REQUIRED ACTION → Reproduce, exactly and in full, the records that follow, minus any pictures.
· · · · ·
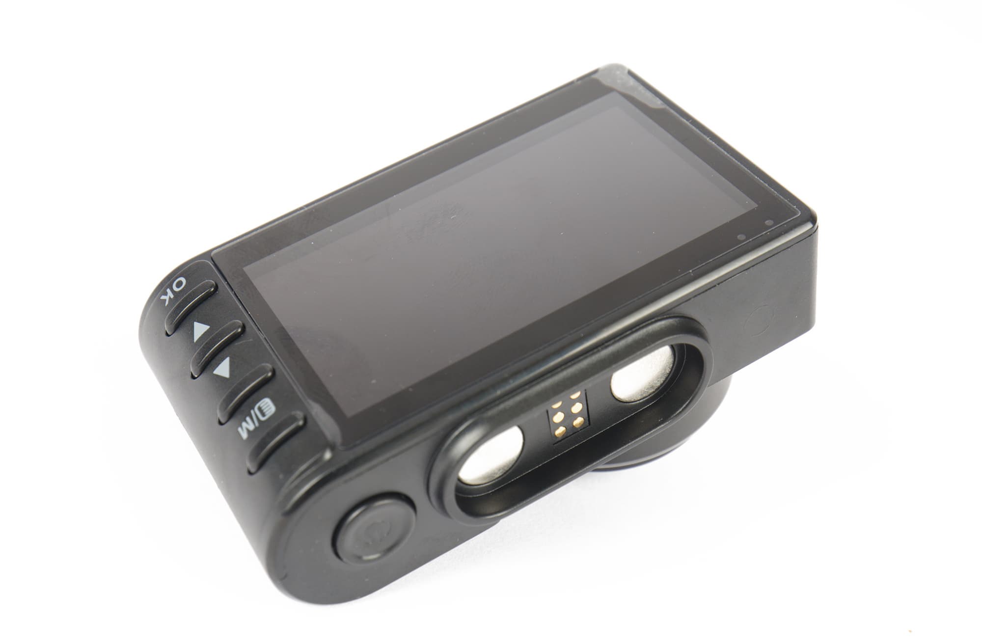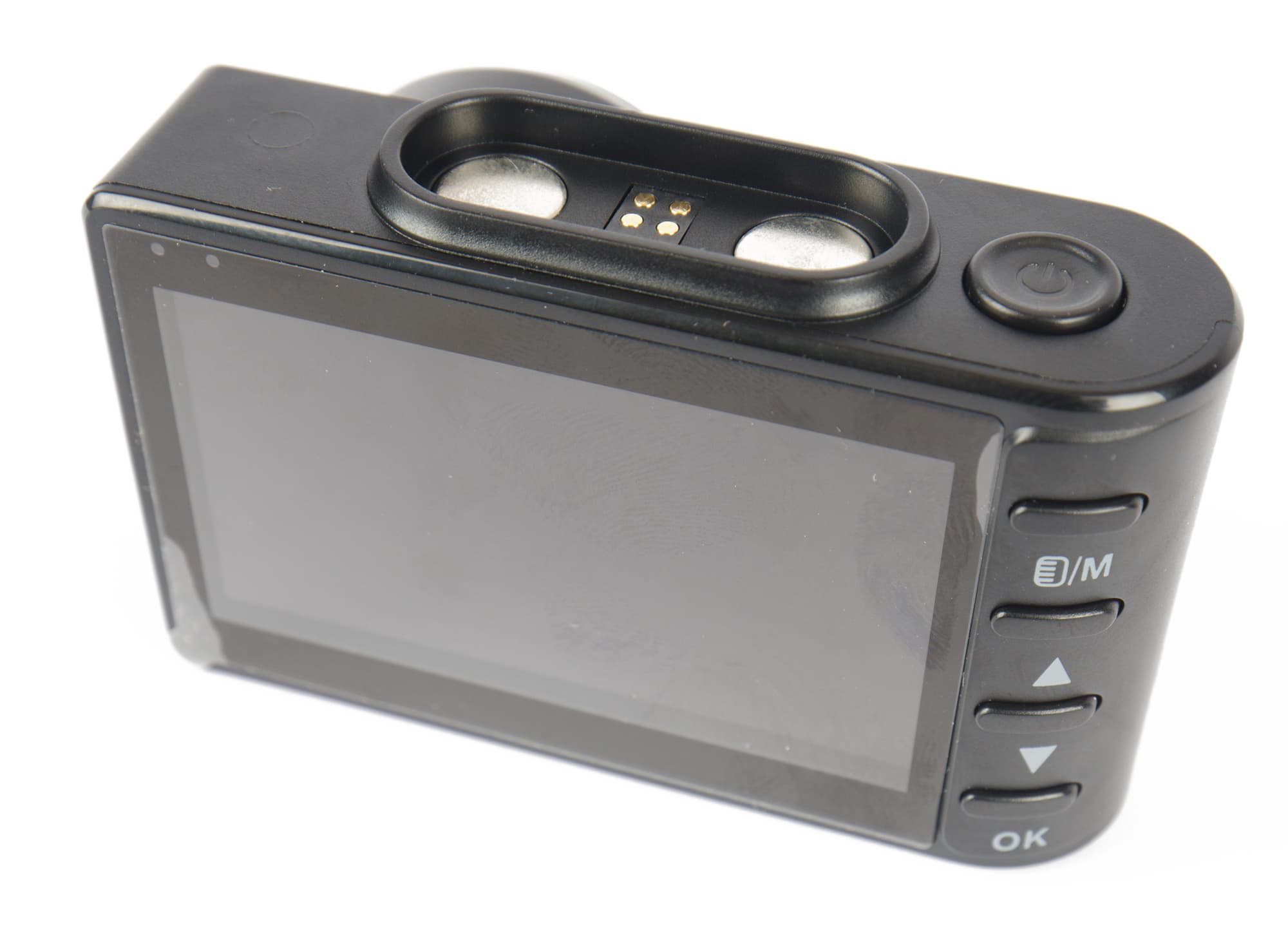 Органы управления регистратором мы предсказуемо нашли на задней, обращенной к водителю панели. Это четыре кнопки — Menu/Mode, Up, Down и OK. Чуть ниже мы более подробно остановимся на их функциях.
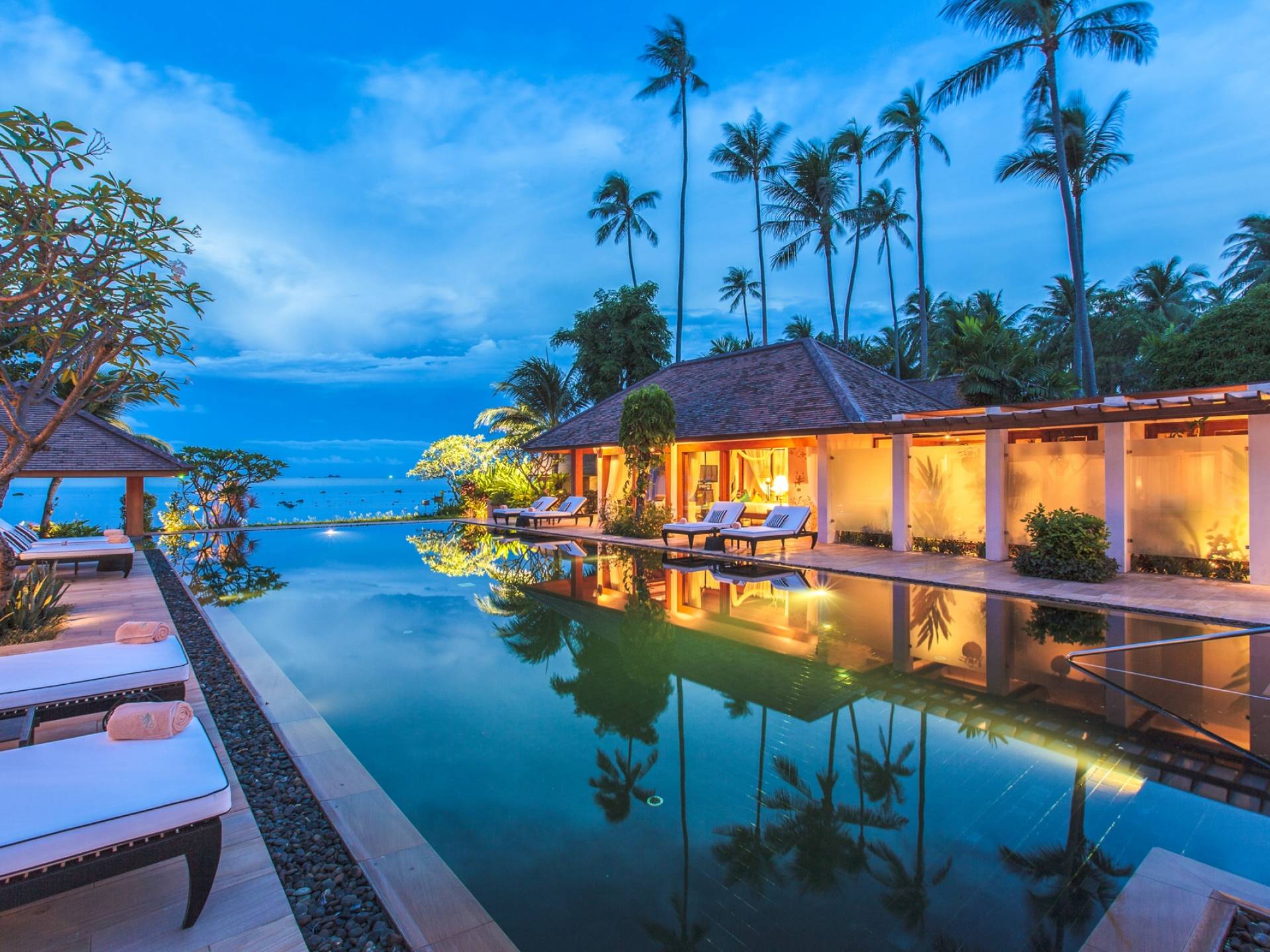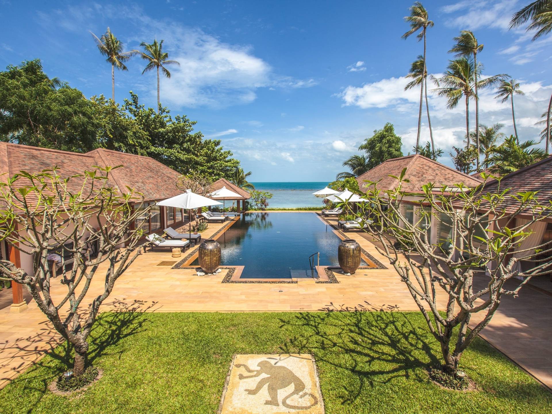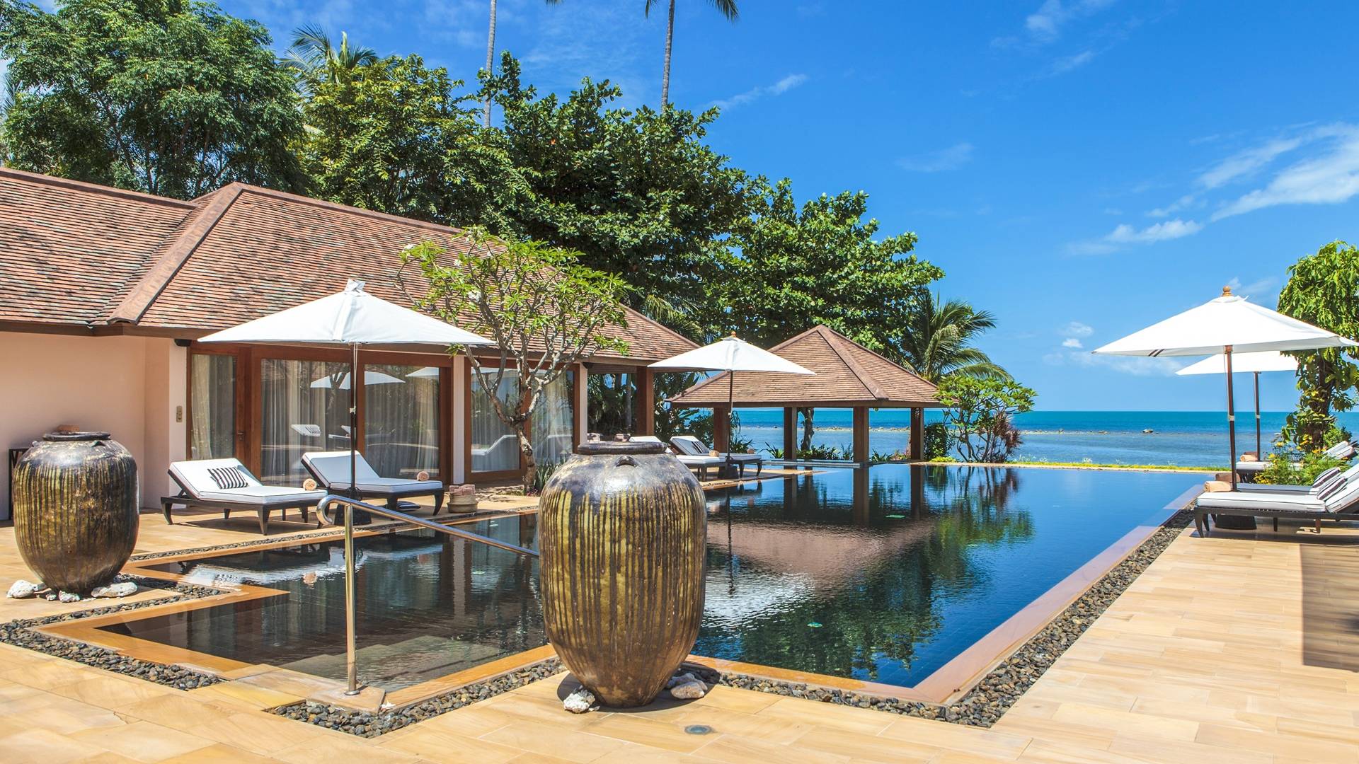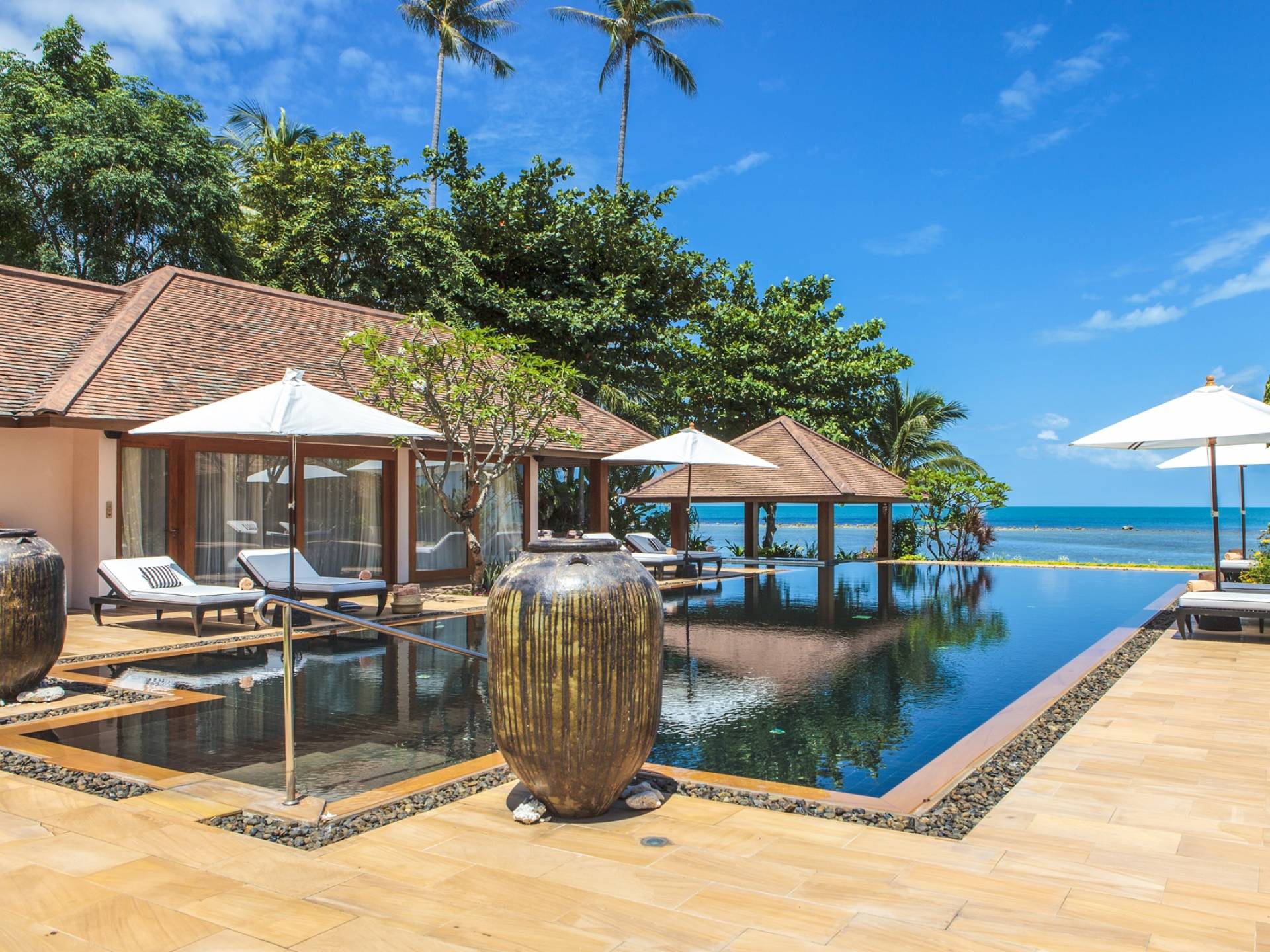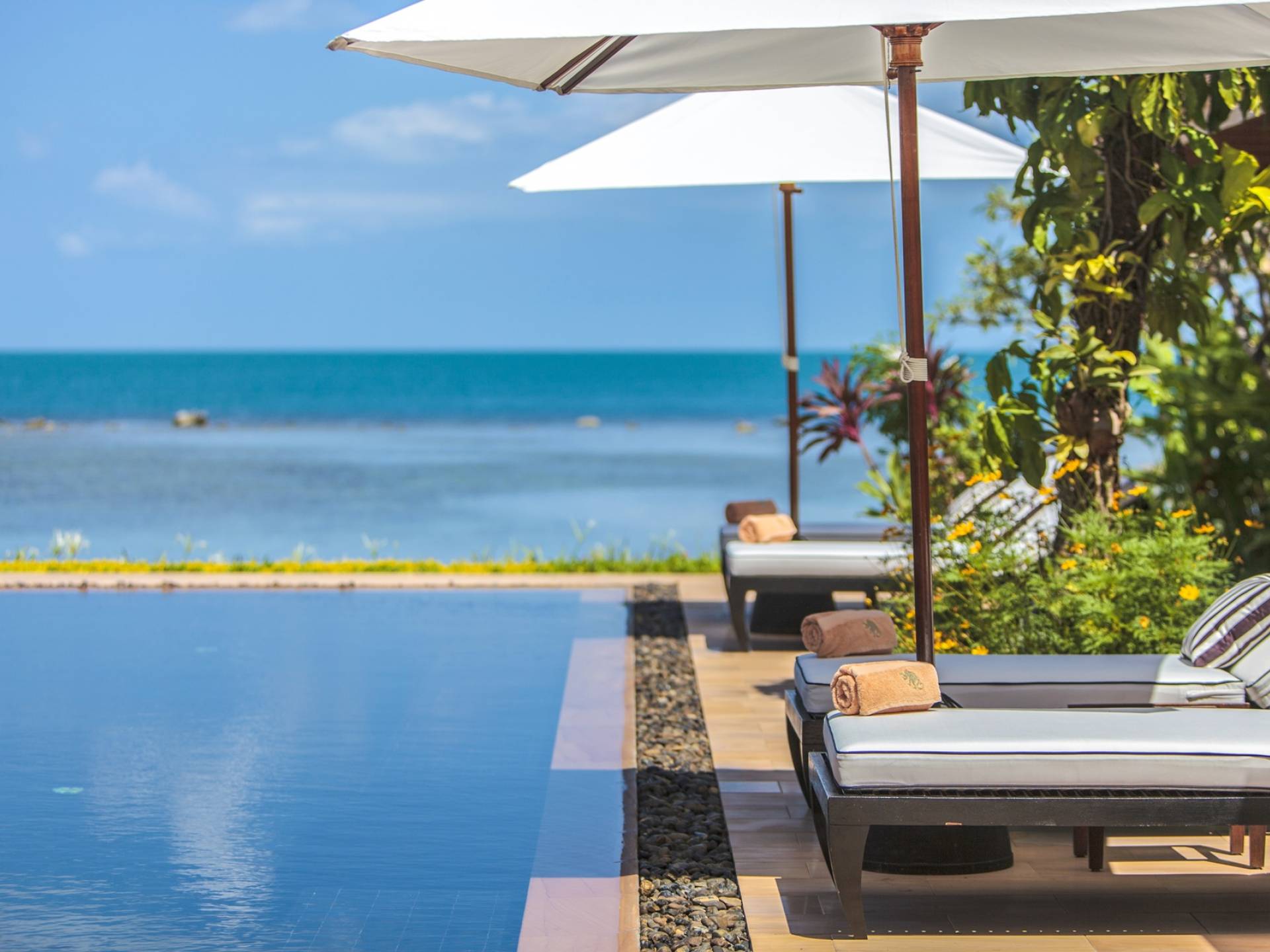 Η γραφική παραθαλάσσια βεράντα της πισίνας με τους φοίνικες που πλαισιώνουν την τέλεια θέα της άμμου και της θάλασσας ακολουθεί τις εντυπωσιακές γραμμές θέασης της εικονικής πισίνας υπερχείλισης μήκους 20 μέτρων με πλακάκια από έβενο. Η εντυπωσιακή πισίνα με θαλασσινό νερό είναι επιβλητικά τοποθετημένη δημιουργώντας ένα κομψό κεντρικό κομμάτι σε αυτόν τον καλοσχεδιασμένο χώρο. Το μπαρ δίπλα στην πισίνα προσθέτει μια ενδιαφέρουσα ανατροπή στον κομψό σχεδιασμό αυτής της χαρισματικής πισίνας.
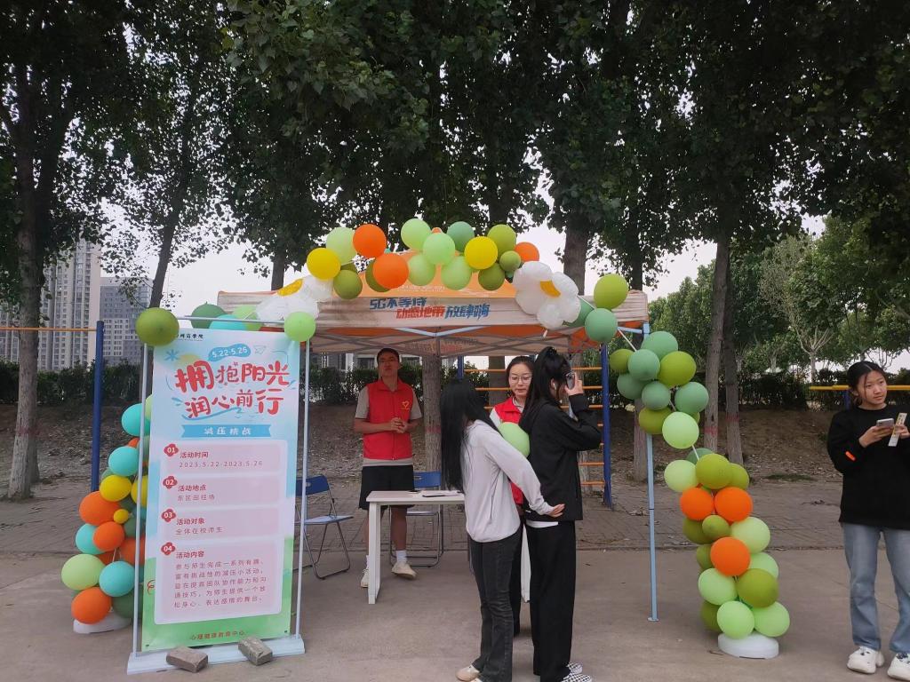 第三站为东区田径场,设置“减压挑战”活动,同学们完成一系列富有挑战的减压小活动,在提高团队协作和沟通技巧的同时,放松心情,缓解压力。
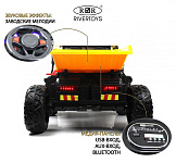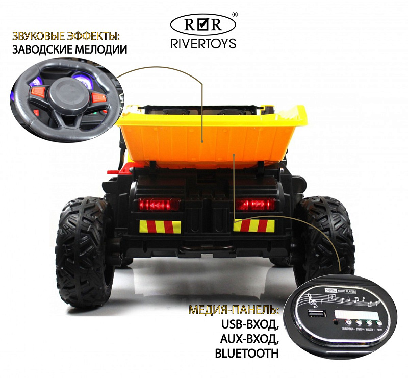 Кузов автомобиля управляется электронным рычагом, позволяя поднимать и опускать его по необходимости. Комплект поставки включает в себя лопату, чтобы ребенок мог играть в песочнице. Медиа-панель электромобиля оснащена USB-входом и AUX-входом, что позволяет вашему ребенку слушать любимую музыку во время езды. Индикатор заряда батареи помогает контролировать уровень заряда.
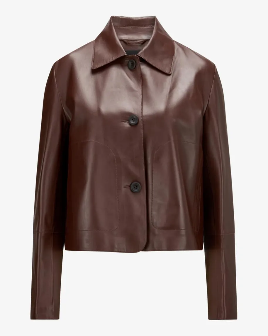 Emy Lederjacke für Damen von Arma in Mahagoni. Das Modell begeistert durch dieVerwendung hochwertiger Lammleder-Qualität, welche ein edles Gesamtbild kreiert.Zugleich avanciert die Jacke durch das cleane Design sowie der Ziernähte zumtrendsicheren Alltags-Favoriten.
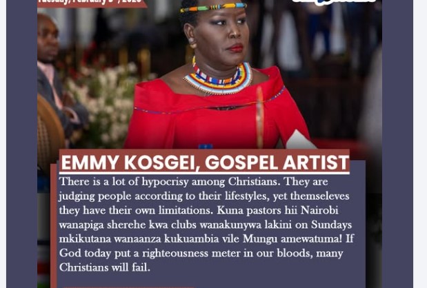 Gospel musician Emmy Kosgei exposes-There is a lot of hypocrisy among Christians. They are judging people according to their lifestyles, yet themseleves they have their own limitations. Kuna pastors hii Nairobi wanapiga sherehe kwa clubs wanakunywa .
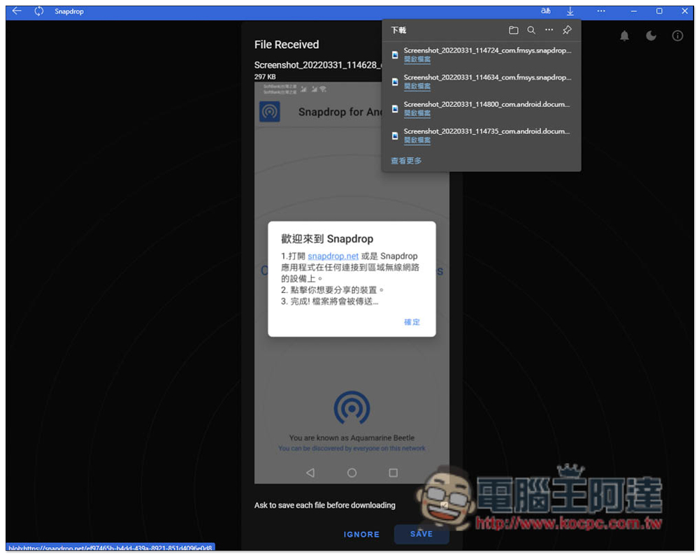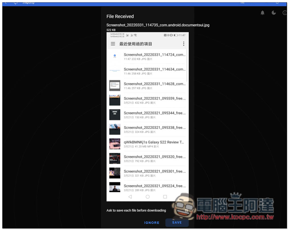 電腦端也會跳出接收到檔案的訊息畫面,沒問題就按下方 SAVE 儲存,不想接收則點擊 IGNORE 忽略:
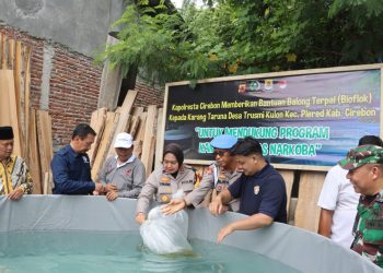 Indograf.com - Polresta Cirebon membagikan bibit cabai, bibit ikan nila, dan balong terpal atau bioflok di Desa Trusmi, Kecamatan Plered, ...
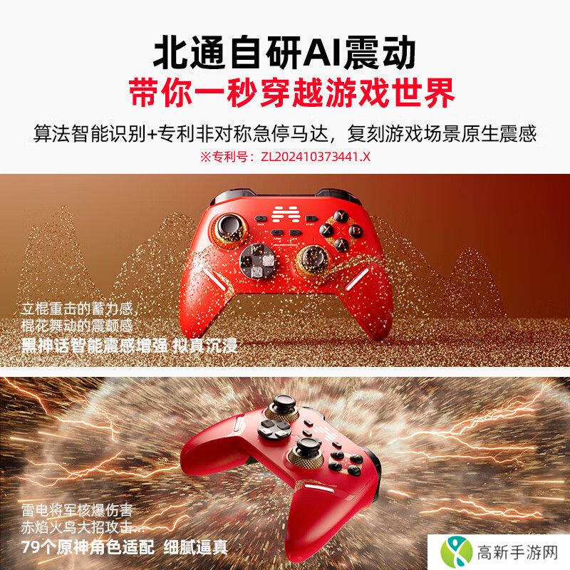 北通鲲鹏 40 手柄“巳蛇限定版”的外壳采用红色主题,印有蛇纹元素丝印;手柄摇杆和按键处均有金色点缀装饰,同时附送新年限定贺卡。
· · · · ·
PROBLEM SOLUTION →
 Органы управления регистратором мы предсказуемо нашли на задней, обращенной к водителю панели. Это четыре кнопки — Menu/Mode, Up, Down и OK. Чуть ниже мы более подробно остановимся на их функциях.
 Η γραφική παραθαλάσσια βεράντα της πισίνας με τους φοίνικες που πλαισιώνουν την τέλεια θέα της άμμου και της θάλασσας ακολουθεί τις εντυπωσιακές γραμμές θέασης της εικονικής πισίνας υπερχείλισης μήκους 20 μέτρων με πλακάκια από έβενο. Η εντυπωσιακή πισίνα με θαλασσινό νερό είναι επιβλητικά τοποθετημένη δημιουργώντας ένα κομψό κεντρικό κομμάτι σε αυτόν τον καλοσχεδιασμένο χώρο. Το μπαρ δίπλα στην πισίνα προσθέτει μια ενδιαφέρουσα ανατροπή στον κομψό σχεδιασμό αυτής της χαρισματικής πισίνας.
 第三站为东区田径场,设置“减压挑战”活动,同学们完成一系列富有挑战的减压小活动,在提高团队协作和沟通技巧的同时,放松心情,缓解压力。
 Кузов автомобиля управляется электронным рычагом, позволяя поднимать и опускать его по необходимости. Комплект поставки включает в себя лопату, чтобы ребенок мог играть в песочнице. Медиа-панель электромобиля оснащена USB-входом и AUX-входом, что позволяет вашему ребенку слушать любимую музыку во время езды. Индикатор заряда батареи помогает контролировать уровень заряда.
 Emy Lederjacke für Damen von Arma in Mahagoni. Das Modell begeistert durch dieVerwendung hochwertiger Lammleder-Qualität, welche ein edles Gesamtbild kreiert.Zugleich avanciert die Jacke durch das cleane Design sowie der Ziernähte zumtrendsicheren Alltags-Favoriten.
 Gospel musician Emmy Kosgei exposes-There is a lot of hypocrisy among Christians. They are judging people according to their lifestyles, yet themseleves they have their own limitations. Kuna pastors hii Nairobi wanapiga sherehe kwa clubs wanakunywa .
 電腦端也會跳出接收到檔案的訊息畫面,沒問題就按下方 SAVE 儲存,不想接收則點擊 IGNORE 忽略:
 Indograf.com - Polresta Cirebon membagikan bibit cabai, bibit ikan nila, dan balong terpal atau bioflok di Desa Trusmi, Kecamatan Plered, ...
 北通鲲鹏 40 手柄“巳蛇限定版”的外壳采用红色主题,印有蛇纹元素丝印;手柄摇杆和按键处均有金色点缀装饰,同时附送新年限定贺卡。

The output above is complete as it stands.